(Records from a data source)
=== Section Start ===
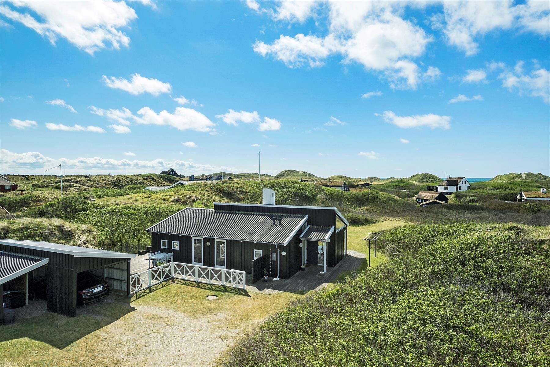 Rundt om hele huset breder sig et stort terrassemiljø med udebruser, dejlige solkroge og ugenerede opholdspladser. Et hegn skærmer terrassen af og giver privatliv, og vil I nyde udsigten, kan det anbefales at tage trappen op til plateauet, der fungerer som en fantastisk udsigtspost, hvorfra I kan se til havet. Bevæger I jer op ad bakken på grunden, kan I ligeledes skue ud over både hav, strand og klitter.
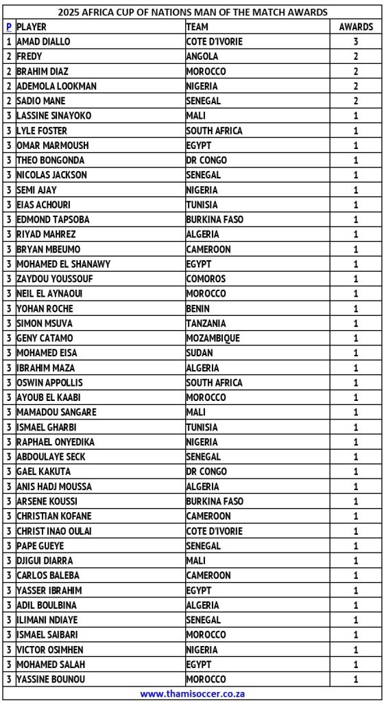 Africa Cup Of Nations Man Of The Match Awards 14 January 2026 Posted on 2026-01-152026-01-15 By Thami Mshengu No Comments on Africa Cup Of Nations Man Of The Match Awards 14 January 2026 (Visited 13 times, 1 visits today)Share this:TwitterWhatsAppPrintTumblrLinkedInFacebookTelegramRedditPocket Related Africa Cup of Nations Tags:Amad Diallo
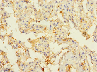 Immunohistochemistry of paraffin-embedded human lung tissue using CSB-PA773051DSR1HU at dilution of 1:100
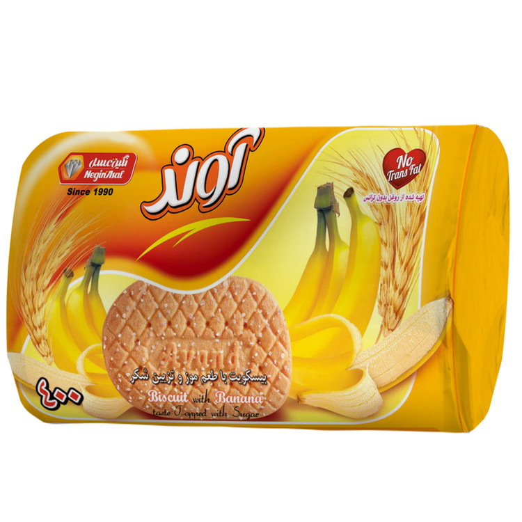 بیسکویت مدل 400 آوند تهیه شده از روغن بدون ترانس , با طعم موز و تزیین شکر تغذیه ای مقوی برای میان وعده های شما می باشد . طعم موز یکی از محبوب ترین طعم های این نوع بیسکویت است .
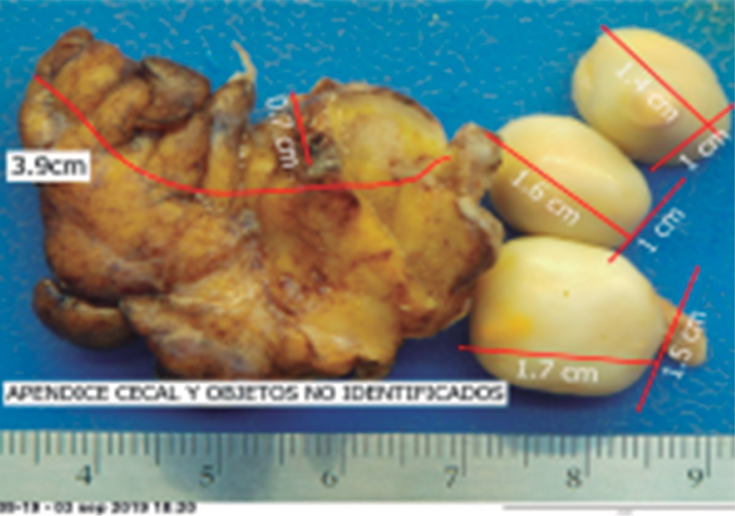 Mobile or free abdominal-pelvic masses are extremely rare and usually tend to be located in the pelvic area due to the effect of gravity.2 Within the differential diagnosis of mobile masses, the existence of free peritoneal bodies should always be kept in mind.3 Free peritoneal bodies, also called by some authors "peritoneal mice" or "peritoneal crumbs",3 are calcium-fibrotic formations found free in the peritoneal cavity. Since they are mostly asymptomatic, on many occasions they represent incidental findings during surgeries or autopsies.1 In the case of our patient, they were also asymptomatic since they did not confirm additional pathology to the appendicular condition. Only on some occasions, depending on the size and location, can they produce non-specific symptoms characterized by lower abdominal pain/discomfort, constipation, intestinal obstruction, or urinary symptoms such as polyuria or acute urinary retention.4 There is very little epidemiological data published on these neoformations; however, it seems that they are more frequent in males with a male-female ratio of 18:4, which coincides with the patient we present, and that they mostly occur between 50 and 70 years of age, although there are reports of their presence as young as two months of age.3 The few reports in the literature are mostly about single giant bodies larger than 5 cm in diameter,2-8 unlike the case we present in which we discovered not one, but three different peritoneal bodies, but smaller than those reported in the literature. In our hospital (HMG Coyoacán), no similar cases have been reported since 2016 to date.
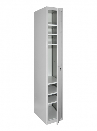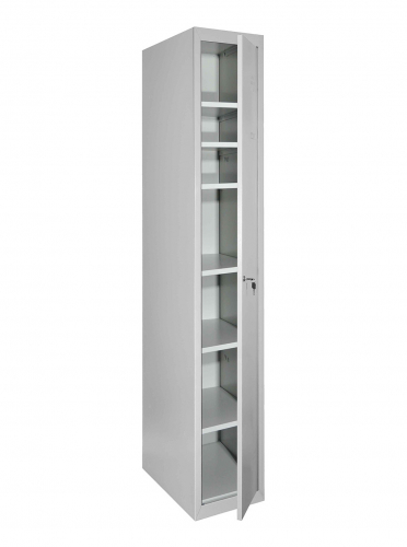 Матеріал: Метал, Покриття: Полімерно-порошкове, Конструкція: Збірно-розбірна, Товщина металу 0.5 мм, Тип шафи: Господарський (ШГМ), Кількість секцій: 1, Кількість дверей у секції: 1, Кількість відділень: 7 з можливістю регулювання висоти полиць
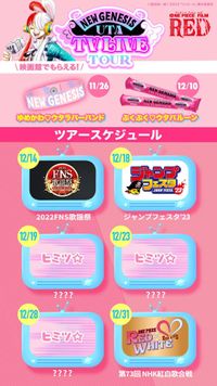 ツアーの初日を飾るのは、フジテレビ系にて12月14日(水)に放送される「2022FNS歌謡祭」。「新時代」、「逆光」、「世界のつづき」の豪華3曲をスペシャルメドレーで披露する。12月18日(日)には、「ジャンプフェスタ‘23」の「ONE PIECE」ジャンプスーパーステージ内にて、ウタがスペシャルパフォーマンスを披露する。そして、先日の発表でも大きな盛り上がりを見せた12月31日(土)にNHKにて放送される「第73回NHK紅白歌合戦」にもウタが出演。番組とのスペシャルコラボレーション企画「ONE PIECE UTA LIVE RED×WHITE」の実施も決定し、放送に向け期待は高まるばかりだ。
=== Section End ===
**What is expected**
With the pictures removed, return all the entries exactly.

**Solution to this task**
 Rundt om hele huset breder sig et stort terrassemiljø med udebruser, dejlige solkroge og ugenerede opholdspladser. Et hegn skærmer terrassen af og giver privatliv, og vil I nyde udsigten, kan det anbefales at tage trappen op til plateauet, der fungerer som en fantastisk udsigtspost, hvorfra I kan se til havet. Bevæger I jer op ad bakken på grunden, kan I ligeledes skue ud over både hav, strand og klitter.
 Africa Cup Of Nations Man Of The Match Awards 14 January 2026 Posted on 2026-01-152026-01-15 By Thami Mshengu No Comments on Africa Cup Of Nations Man Of The Match Awards 14 January 2026 (Visited 13 times, 1 visits today)Share this:TwitterWhatsAppPrintTumblrLinkedInFacebookTelegramRedditPocket Related Africa Cup of Nations Tags:Amad Diallo
 Immunohistochemistry of paraffin-embedded human lung tissue using CSB-PA773051DSR1HU at dilution of 1:100
 بیسکویت مدل 400 آوند تهیه شده از روغن بدون ترانس , با طعم موز و تزیین شکر تغذیه ای مقوی برای میان وعده های شما می باشد . طعم موز یکی از محبوب ترین طعم های این نوع بیسکویت است .
 Mobile or free abdominal-pelvic masses are extremely rare and usually tend to be located in the pelvic area due to the effect of gravity.2 Within the differential diagnosis of mobile masses, the existence of free peritoneal bodies should always be kept in mind.3 Free peritoneal bodies, also called by some authors "peritoneal mice" or "peritoneal crumbs",3 are calcium-fibrotic formations found free in the peritoneal cavity. Since they are mostly asymptomatic, on many occasions they represent incidental findings during surgeries or autopsies.1 In the case of our patient, they were also asymptomatic since they did not confirm additional pathology to the appendicular condition. Only on some occasions, depending on the size and location, can they produce non-specific symptoms characterized by lower abdominal pain/discomfort, constipation, intestinal obstruction, or urinary symptoms such as polyuria or acute urinary retention.4 There is very little epidemiological data published on these neoformations; however, it seems that they are more frequent in males with a male-female ratio of 18:4, which coincides with the patient we present, and that they mostly occur between 50 and 70 years of age, although there are reports of their presence as young as two months of age.3 The few reports in the literature are mostly about single giant bodies larger than 5 cm in diameter,2-8 unlike the case we present in which we discovered not one, but three different peritoneal bodies, but smaller than those reported in the literature. In our hospital (HMG Coyoacán), no similar cases have been reported since 2016 to date.
 Матеріал: Метал, Покриття: Полімерно-порошкове, Конструкція: Збірно-розбірна, Товщина металу 0.5 мм, Тип шафи: Господарський (ШГМ), Кількість секцій: 1, Кількість дверей у секції: 1, Кількість відділень: 7 з можливістю регулювання висоти полиць
 ツアーの初日を飾るのは、フジテレビ系にて12月14日(水)に放送される「2022FNS歌謡祭」。「新時代」、「逆光」、「世界のつづき」の豪華3曲をスペシャルメドレーで披露する。12月18日(日)には、「ジャンプフェスタ‘23」の「ONE PIECE」ジャンプスーパーステージ内にて、ウタがスペシャルパフォーマンスを披露する。そして、先日の発表でも大きな盛り上がりを見せた12月31日(土)にNHKにて放送される「第73回NHK紅白歌合戦」にもウタが出演。番組とのスペシャルコラボレーション企画「ONE PIECE UTA LIVE RED×WHITE」の実施も決定し、放送に向け期待は高まるばかりだ。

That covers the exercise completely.